Task directions – Copy out the lines beginning at the one with "Т.к. КL средняя" and ending at the last line of the data, both included; pictures stay out.

Data below –
-=-=-
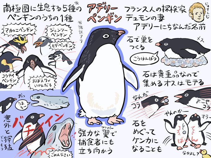 本日4月25日は「世界ペンギンの日」! 南極基地で、毎年この時期にアデリーペンギンが姿を見せることに気づいた研究者が、ペンギン啓蒙のため取り決めた記念日だそうです。そんなわけで南極ペンギン代表・アデリーペンギンを図解してみました。 #世界ペンギンの日 #WorldPenguinDay
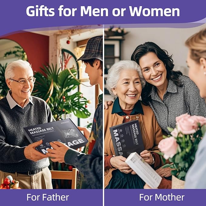 - 【Universal Size + Good Gift Choice】The red light back massager fits 27-50 inches waist circumference universal belt for all people who want relaxing and all ages, so the back massager is a good choice for Father's Day, Mother's Day, Thanksgiving, Christmas, Birthday, and other kinds of holiday gifts for fathers, mothers, and friends. If you have any questions about the product you can ask us, we are famous for our excellent customer service and are committed to solving users' needs
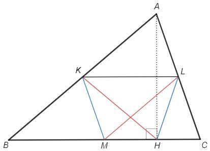 Т.к. КL средняя линия , то АО=ОН ⇒ КL- серединный перпендикуляр , каждая точка которого равноудалена от концов отрезка АН. Поэтому КА=КН и LA=LH ⇒
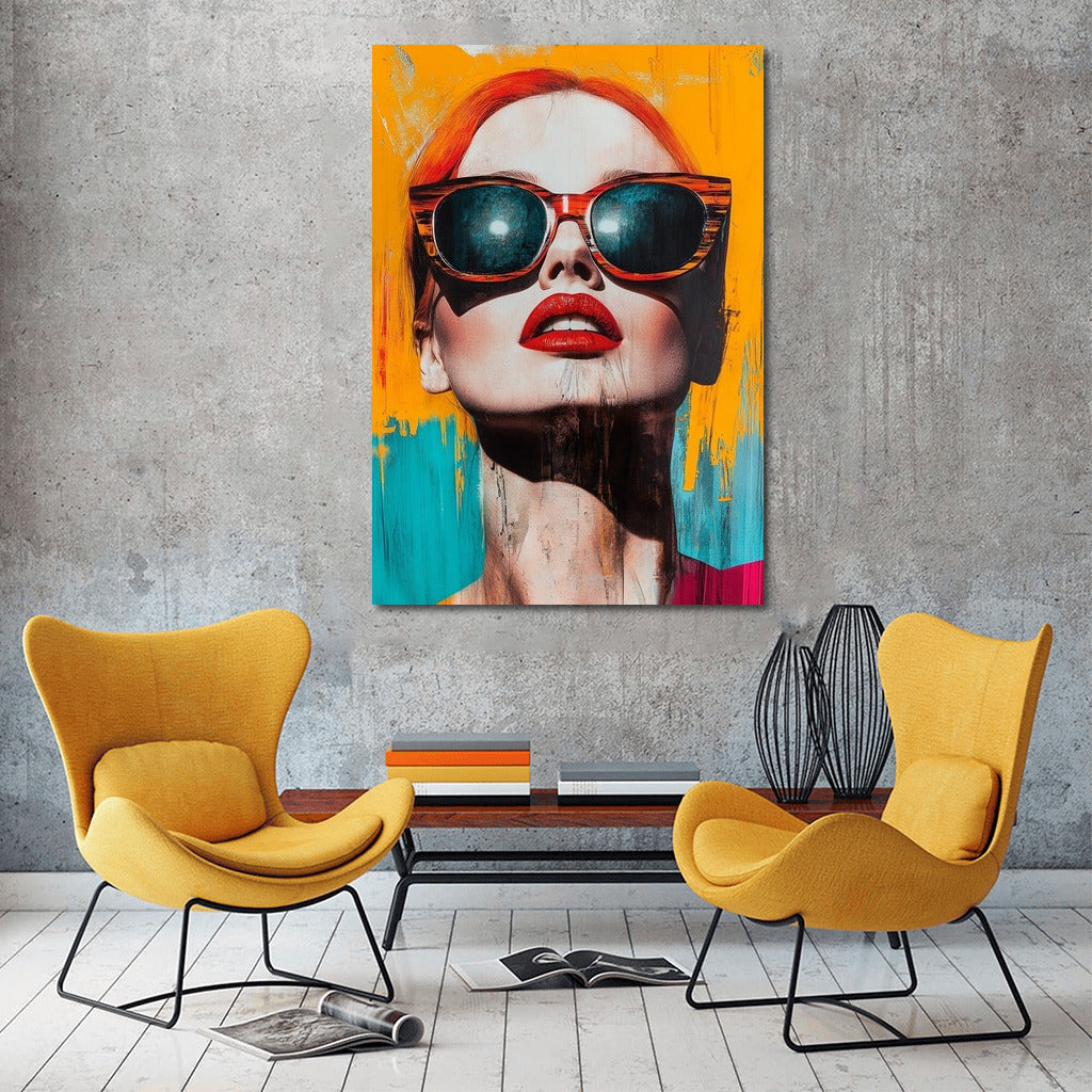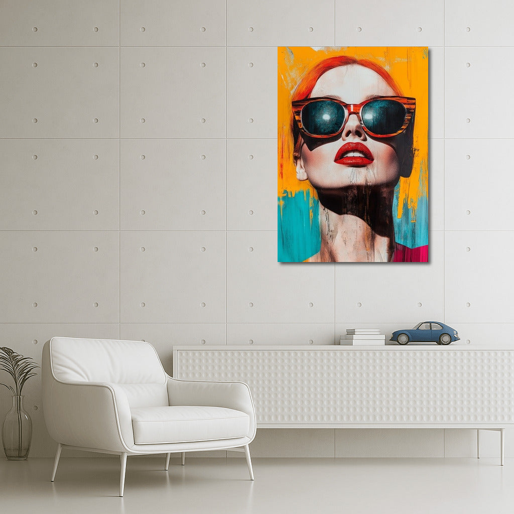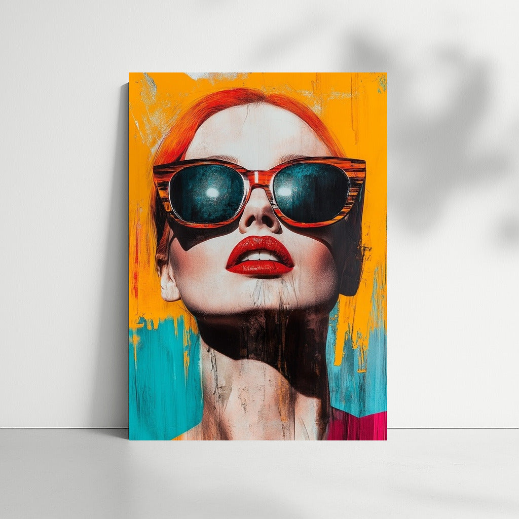 A vibrant poster with an abstract portrait: bold colors, stylish glasses and sensual lips - an accent for your wall art. See more from the collection: Mixed Wall Art
-=-=-
Answer to this exercise –
 Т.к. КL средняя линия , то АО=ОН ⇒ КL- серединный перпендикуляр , каждая точка которого равноудалена от концов отрезка АН. Поэтому КА=КН и LA=LH ⇒
 A vibrant poster with an abstract portrait: bold colors, stylish glasses and sensual lips - an accent for your wall art. See more from the collection: Mixed Wall Art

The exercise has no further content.